A colleague at another university, which is contemplating a move to one of these four learning management systems, wanted to know the preferences from among this list of systems:

Here is my reply:

BYU was a huge Blackboard user for several years, before deciding to develop their own LMS

BYU was a huge Blackboard user for several years, before deciding to develop their own LMS (BYU Learning Suite). The decision to build one’s own system was not one that I supported, but given Blackboard’s exorbitant cost, I totally understood the motivation.

That said, in the lab I directed before retirement we implemented Moodle on a couple of projects. We have also worked with Canvas and even received an award a couple of years ago from Instructure for our implementation of LTI (Learning Tools Interoperability) with Ayamel.

Canvas and Moodle each have advantages. There is a large community of Moodle users, but we found certain functionality lacking. The fact that it is free is also a bit misleading, given that a particular shop is on its own for the system’s implementation. Yes, there is a community of users “out there” to help, but the system still requires an in-house support capability when technical issues arise.
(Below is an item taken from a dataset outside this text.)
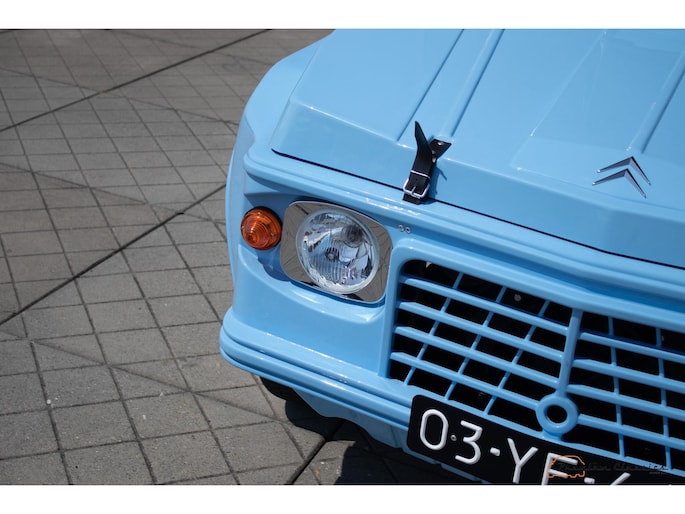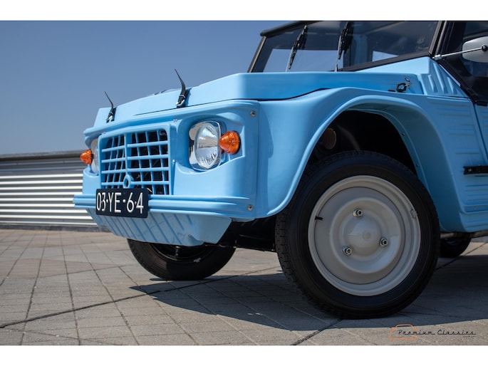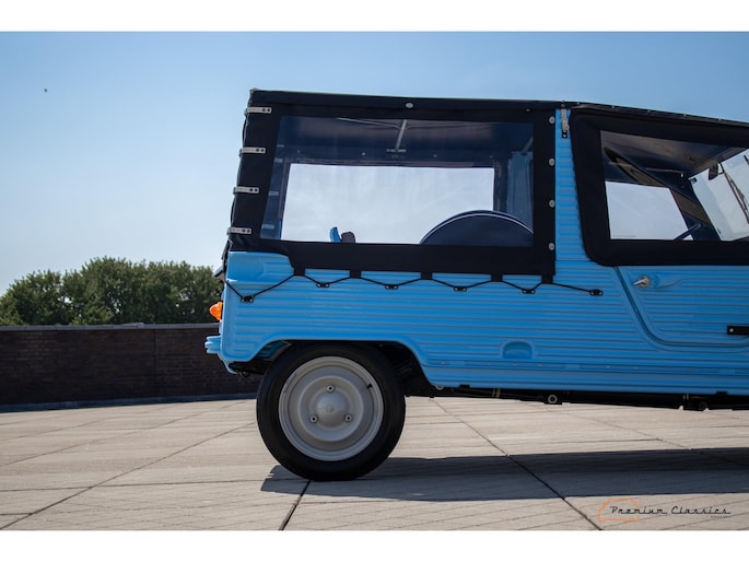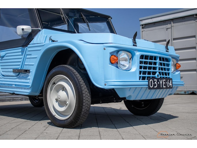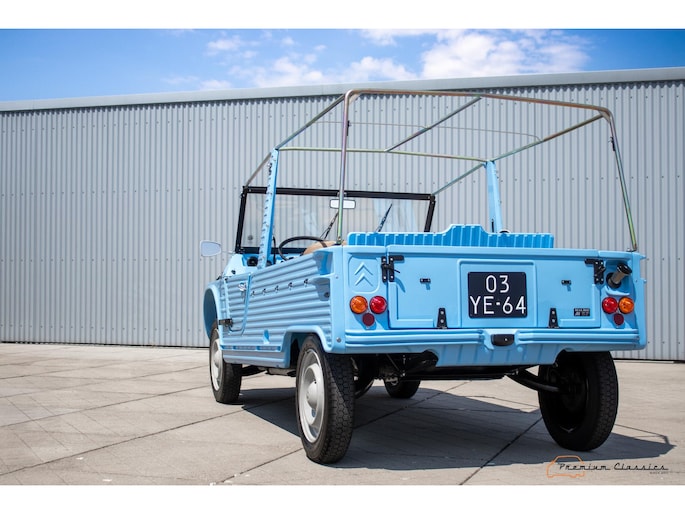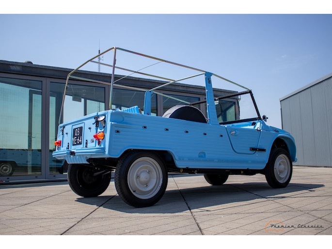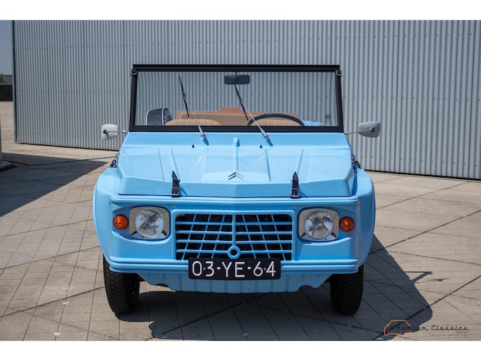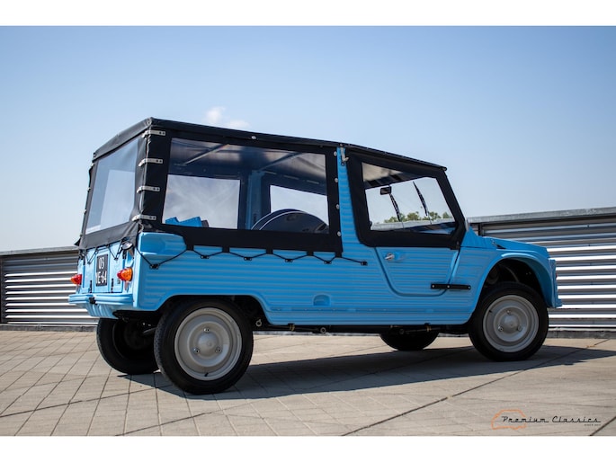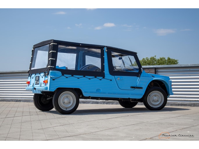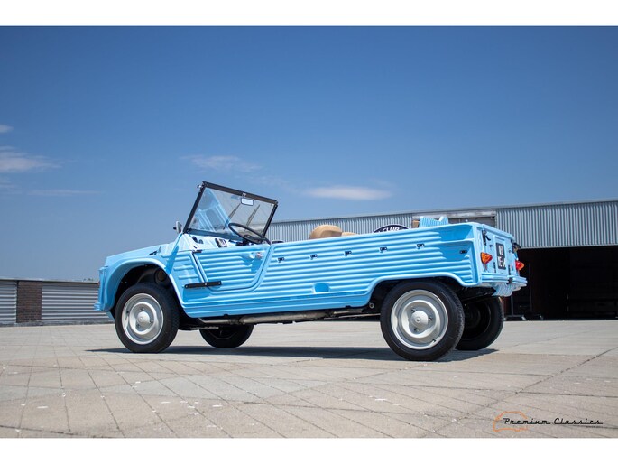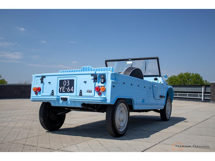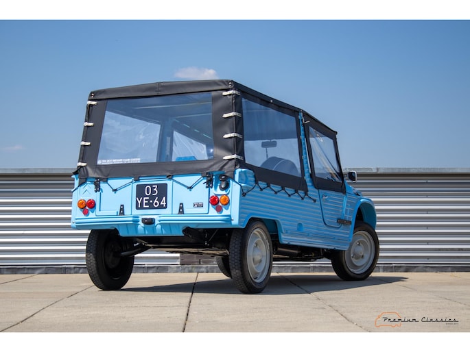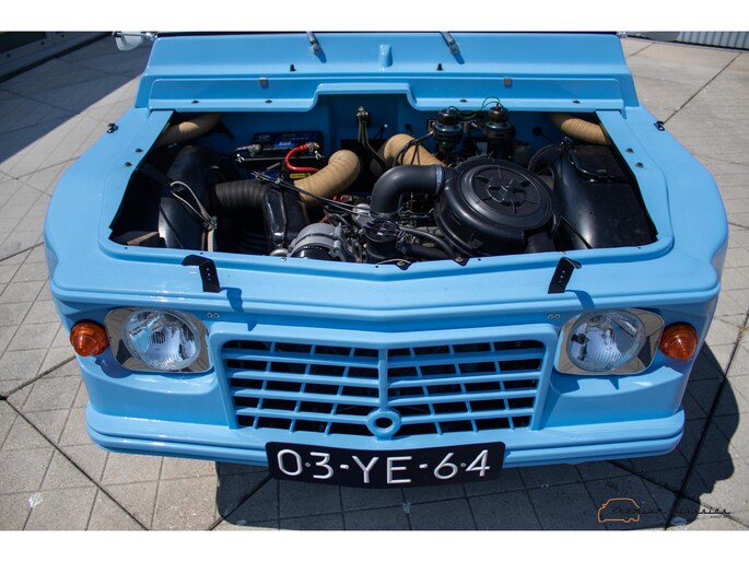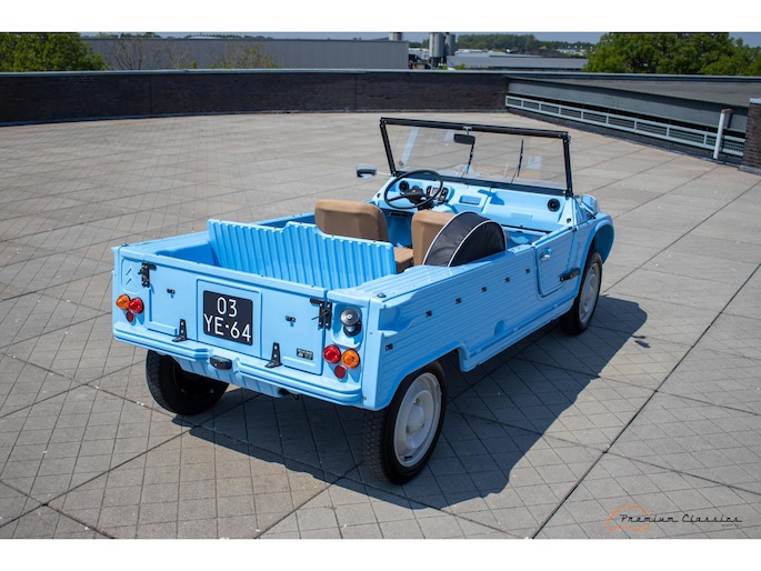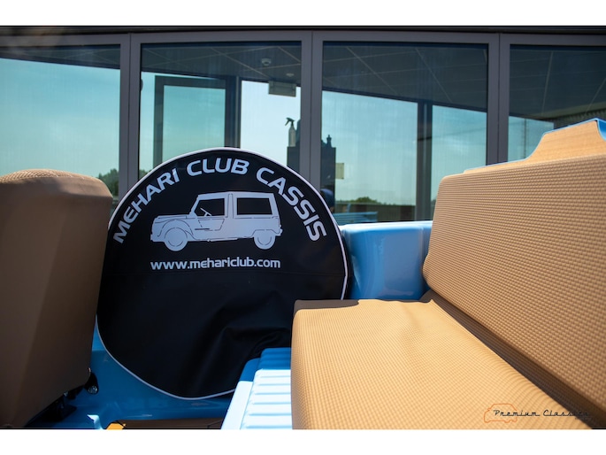 Citroën Mehari uit 1974 in nieuwstaat. Door Ad v.d. Horst compleet onder handen genomen en na restauratie slechts 50km gereden. Geleverd in “Bleu Calanque” met een zandkleurig gewoven vinyl interieur. Een fraaie, zomerse uitvoering. In de basis Citroën 2CV met design elementen van onder andere de Dyane. De auto is vernoemd naar de snel rennende dromedaris; de Mehari.

You have probably done your searching, but I just came across this piece that compares Blackboard, Canvas, and Moodle. Blackboard comes in third place, and Canvas edges out Moodle, but only very slightly.

To me the key factors lie with a concept a colleague and I wrote about here and labeled “tool and content malleability.” A key aspect of this is LTI a capability that both Canvas and Moodle have to some degree, Thus it all comes down to the level of technical support you can expect at your institution.